[What is needed] Beginning with the line containing "縄跳びと並行して,高跳びの活" and ending with the line containing "Freza electrica pentru unghii, semiprofesionala", write out each line of the records below exactly; pictures and lines outside that range are left out.

[Record set]
———

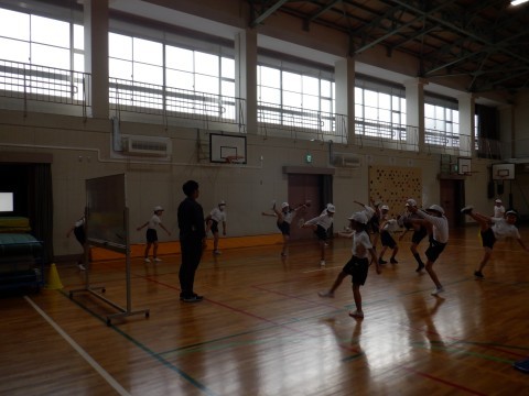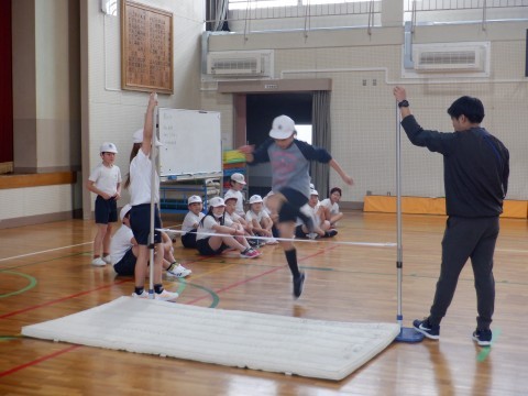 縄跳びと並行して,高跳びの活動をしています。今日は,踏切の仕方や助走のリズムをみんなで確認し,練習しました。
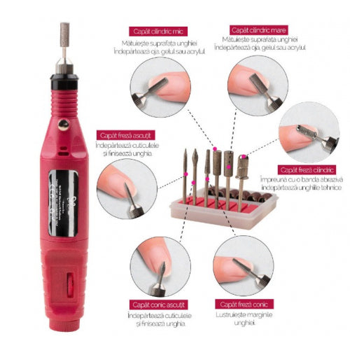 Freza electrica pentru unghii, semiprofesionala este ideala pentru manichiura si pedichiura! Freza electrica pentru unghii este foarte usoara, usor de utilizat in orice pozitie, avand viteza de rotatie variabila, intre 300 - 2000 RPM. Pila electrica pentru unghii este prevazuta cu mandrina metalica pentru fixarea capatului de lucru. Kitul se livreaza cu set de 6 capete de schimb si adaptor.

———

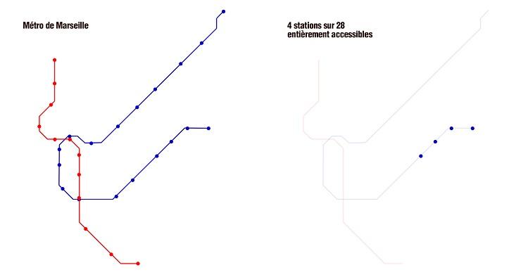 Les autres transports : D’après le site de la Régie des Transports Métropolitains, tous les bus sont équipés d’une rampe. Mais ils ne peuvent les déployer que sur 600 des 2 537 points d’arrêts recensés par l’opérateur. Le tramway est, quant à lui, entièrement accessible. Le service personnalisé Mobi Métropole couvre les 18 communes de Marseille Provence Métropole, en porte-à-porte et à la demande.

———

[Result of the exercise]
 縄跳びと並行して,高跳びの活動をしています。今日は,踏切の仕方や助走のリズムをみんなで確認し,練習しました。
 Freza electrica pentru unghii, semiprofesionala este ideala pentru manichiura si pedichiura! Freza electrica pentru unghii este foarte usoara, usor de utilizat in orice pozitie, avand viteza de rotatie variabila, intre 300 - 2000 RPM. Pila electrica pentru unghii este prevazuta cu mandrina metalica pentru fixarea capatului de lucru. Kitul se livreaza cu set de 6 capete de schimb si adaptor.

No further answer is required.